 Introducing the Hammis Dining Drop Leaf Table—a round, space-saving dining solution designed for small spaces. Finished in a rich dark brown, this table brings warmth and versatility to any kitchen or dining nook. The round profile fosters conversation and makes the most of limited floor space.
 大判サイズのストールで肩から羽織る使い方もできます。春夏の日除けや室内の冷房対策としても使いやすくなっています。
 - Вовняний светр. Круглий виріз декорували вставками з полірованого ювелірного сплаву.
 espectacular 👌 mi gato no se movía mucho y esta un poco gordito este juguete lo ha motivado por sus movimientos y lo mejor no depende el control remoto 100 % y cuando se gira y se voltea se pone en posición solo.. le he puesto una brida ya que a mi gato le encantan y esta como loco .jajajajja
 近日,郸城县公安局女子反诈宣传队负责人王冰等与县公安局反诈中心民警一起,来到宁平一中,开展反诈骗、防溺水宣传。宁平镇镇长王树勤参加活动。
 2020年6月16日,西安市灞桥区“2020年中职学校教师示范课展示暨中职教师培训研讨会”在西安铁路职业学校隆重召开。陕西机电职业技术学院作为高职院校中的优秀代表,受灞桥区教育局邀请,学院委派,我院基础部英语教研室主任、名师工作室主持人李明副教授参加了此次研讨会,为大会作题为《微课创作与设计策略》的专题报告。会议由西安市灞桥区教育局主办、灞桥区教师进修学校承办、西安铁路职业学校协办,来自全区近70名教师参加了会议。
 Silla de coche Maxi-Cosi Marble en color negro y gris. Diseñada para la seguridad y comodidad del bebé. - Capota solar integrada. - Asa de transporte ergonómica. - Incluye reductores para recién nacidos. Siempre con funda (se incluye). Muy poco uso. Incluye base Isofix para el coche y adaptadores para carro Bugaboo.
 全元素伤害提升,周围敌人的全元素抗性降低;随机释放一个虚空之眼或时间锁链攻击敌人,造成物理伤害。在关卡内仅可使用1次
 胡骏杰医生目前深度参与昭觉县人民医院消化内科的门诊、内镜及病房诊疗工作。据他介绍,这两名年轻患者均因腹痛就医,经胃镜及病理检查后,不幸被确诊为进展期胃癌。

• [What to do]: An exact copy of every record above is what's needed here.

• [Task solution]:
 Introducing the Hammis Dining Drop Leaf Table—a round, space-saving dining solution designed for small spaces. Finished in a rich dark brown, this table brings warmth and versatility to any kitchen or dining nook. The round profile fosters conversation and makes the most of limited floor space.
 大判サイズのストールで肩から羽織る使い方もできます。春夏の日除けや室内の冷房対策としても使いやすくなっています。
 - Вовняний светр. Круглий виріз декорували вставками з полірованого ювелірного сплаву.
 espectacular 👌 mi gato no se movía mucho y esta un poco gordito este juguete lo ha motivado por sus movimientos y lo mejor no depende el control remoto 100 % y cuando se gira y se voltea se pone en posición solo.. le he puesto una brida ya que a mi gato le encantan y esta como loco .jajajajja
 近日,郸城县公安局女子反诈宣传队负责人王冰等与县公安局反诈中心民警一起,来到宁平一中,开展反诈骗、防溺水宣传。宁平镇镇长王树勤参加活动。
 2020年6月16日,西安市灞桥区“2020年中职学校教师示范课展示暨中职教师培训研讨会”在西安铁路职业学校隆重召开。陕西机电职业技术学院作为高职院校中的优秀代表,受灞桥区教育局邀请,学院委派,我院基础部英语教研室主任、名师工作室主持人李明副教授参加了此次研讨会,为大会作题为《微课创作与设计策略》的专题报告。会议由西安市灞桥区教育局主办、灞桥区教师进修学校承办、西安铁路职业学校协办,来自全区近70名教师参加了会议。
 Silla de coche Maxi-Cosi Marble en color negro y gris. Diseñada para la seguridad y comodidad del bebé. - Capota solar integrada. - Asa de transporte ergonómica. - Incluye reductores para recién nacidos. Siempre con funda (se incluye). Muy poco uso. Incluye base Isofix para el coche y adaptadores para carro Bugaboo.
 全元素伤害提升,周围敌人的全元素抗性降低;随机释放一个虚空之眼或时间锁链攻击敌人,造成物理伤害。在关卡内仅可使用1次
 胡骏杰医生目前深度参与昭觉县人民医院消化内科的门诊、内镜及病房诊疗工作。据他介绍,这两名年轻患者均因腹痛就医,经胃镜及病理检查后,不幸被确诊为进展期胃癌。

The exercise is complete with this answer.